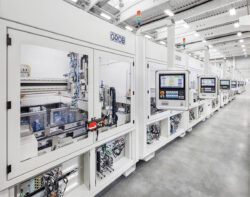 GROB Systems’ battery line solution includes stacking prismatic and pouch cells according to different size battery modules, geometrically adjusting the cells and linking them with one another via cell contacting systems. To ensure the highest product quality, testing occurs throughout the line, from start to finish.
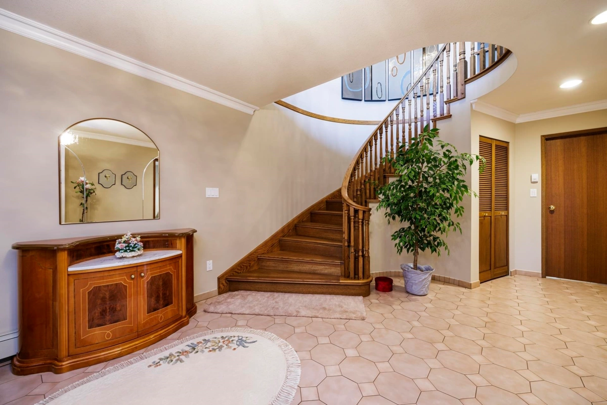 Impeccable, rarely available custom one-owner home ideally set on a coveted street. A grand foyer and sweeping circular staircase welcomes you and leads up to a main living area. Spacious rooms here include a light-filled oak kitchen with stainless appliances, cozy eating area & adjoining family room. The formal living/dining spaces, enhanced by rich HW floors & abundant natural light, create a warm inviting atmosphere perfect for both relaxed family living & elegant entertaining. Upstairs also has 3 good-sized bedrooms and 2 beautifully appointed baths. At ground level, you'll find 2 more bedrooms, a large games room, mudroom, bath, 2nd kitchen & a bright family room - excellent potential for 1 bed suite conversion! Double garage and lane access too!
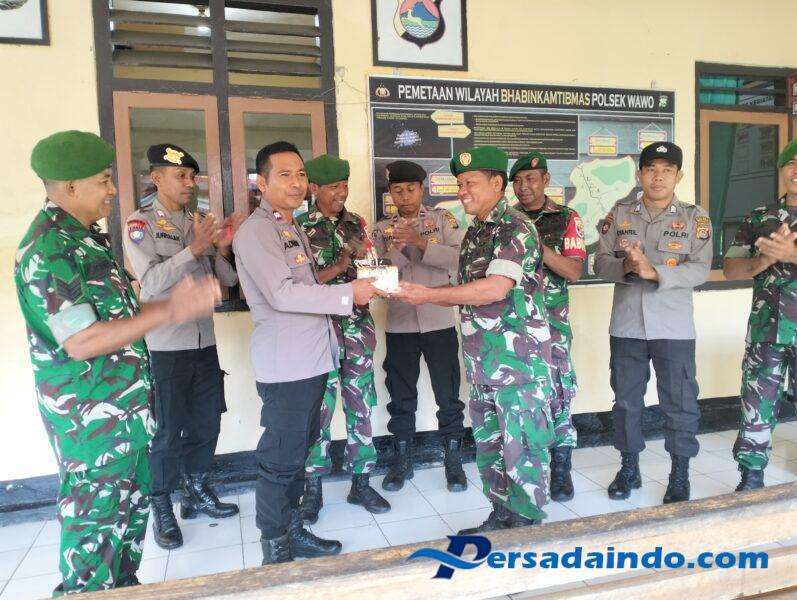 Wawo-Bima, 1 Juli 2025 – Dalam rangka mempererat sinergi dan soliditas TNI-Polri, Koramil 1608-06/Wawo melalui Bati Bhakti TNI Peltu Sahlan beserta anggota melaksanakan kegiatan pemberian ucapan Selamat Hari Ulang Tahun (HUT) Bhayangkara ke-79 kepada anggota Polsek Wawo, Kabupaten Bima. Kegiatan ini berlangsung penuh keakraban dengan mengusung motto POLISI BAIK sebagai wujud dukungan moral untuk Polri dalam memberikan pelayanan terbaik kepada masyarakat.
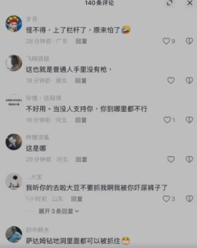 有网友说:“只要背叛人民,就会来抓你”、“如果真动手,估计也挡不住”,也有人讥讽:“对你不需要抓活的,直接给你一颗钻地弹就够了”、“把头缩起来就安全”、“萨达姆钻地洞里面都可以被抓住”。
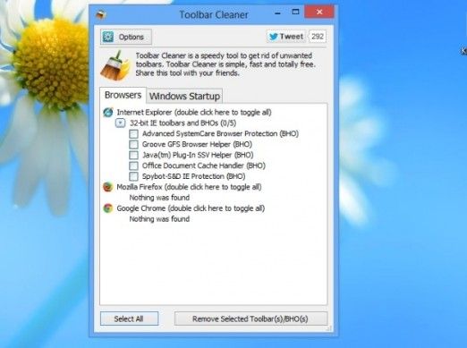 Toolbar Cleaner è uno dei migliori programmi per eliminare toolbar disponibili gratuitamente su Windows. Con pochi e semplici click, permette di rilevare e rimuovere tutte le principali toolbar aggiuntive presenti in Internet Explorer, Mozilla Firefox e Google Chrome. Analizza inoltre gli elementi impostati per l'avvio automatico sul PC e il suo database viene aggiornato di continuo, questo consente all'applicazione di riconoscere e rimuovere centinaia di toolbar promozionali (o malevole) in qualsiasi browser Web. Scarica da qui.
--------------------------------------------------
> _What the task asks_
Every entry above should be given again exactly, with no images included.

> _Finished task_
 GROB Systems’ battery line solution includes stacking prismatic and pouch cells according to different size battery modules, geometrically adjusting the cells and linking them with one another via cell contacting systems. To ensure the highest product quality, testing occurs throughout the line, from start to finish.
 Impeccable, rarely available custom one-owner home ideally set on a coveted street. A grand foyer and sweeping circular staircase welcomes you and leads up to a main living area. Spacious rooms here include a light-filled oak kitchen with stainless appliances, cozy eating area & adjoining family room. The formal living/dining spaces, enhanced by rich HW floors & abundant natural light, create a warm inviting atmosphere perfect for both relaxed family living & elegant entertaining. Upstairs also has 3 good-sized bedrooms and 2 beautifully appointed baths. At ground level, you'll find 2 more bedrooms, a large games room, mudroom, bath, 2nd kitchen & a bright family room - excellent potential for 1 bed suite conversion! Double garage and lane access too!
 Wawo-Bima, 1 Juli 2025 – Dalam rangka mempererat sinergi dan soliditas TNI-Polri, Koramil 1608-06/Wawo melalui Bati Bhakti TNI Peltu Sahlan beserta anggota melaksanakan kegiatan pemberian ucapan Selamat Hari Ulang Tahun (HUT) Bhayangkara ke-79 kepada anggota Polsek Wawo, Kabupaten Bima. Kegiatan ini berlangsung penuh keakraban dengan mengusung motto POLISI BAIK sebagai wujud dukungan moral untuk Polri dalam memberikan pelayanan terbaik kepada masyarakat.
 有网友说:“只要背叛人民,就会来抓你”、“如果真动手,估计也挡不住”,也有人讥讽:“对你不需要抓活的,直接给你一颗钻地弹就够了”、“把头缩起来就安全”、“萨达姆钻地洞里面都可以被抓住”。
 Toolbar Cleaner è uno dei migliori programmi per eliminare toolbar disponibili gratuitamente su Windows. Con pochi e semplici click, permette di rilevare e rimuovere tutte le principali toolbar aggiuntive presenti in Internet Explorer, Mozilla Firefox e Google Chrome. Analizza inoltre gli elementi impostati per l'avvio automatico sul PC e il suo database viene aggiornato di continuo, questo consente all'applicazione di riconoscere e rimuovere centinaia di toolbar promozionali (o malevole) in qualsiasi browser Web. Scarica da qui.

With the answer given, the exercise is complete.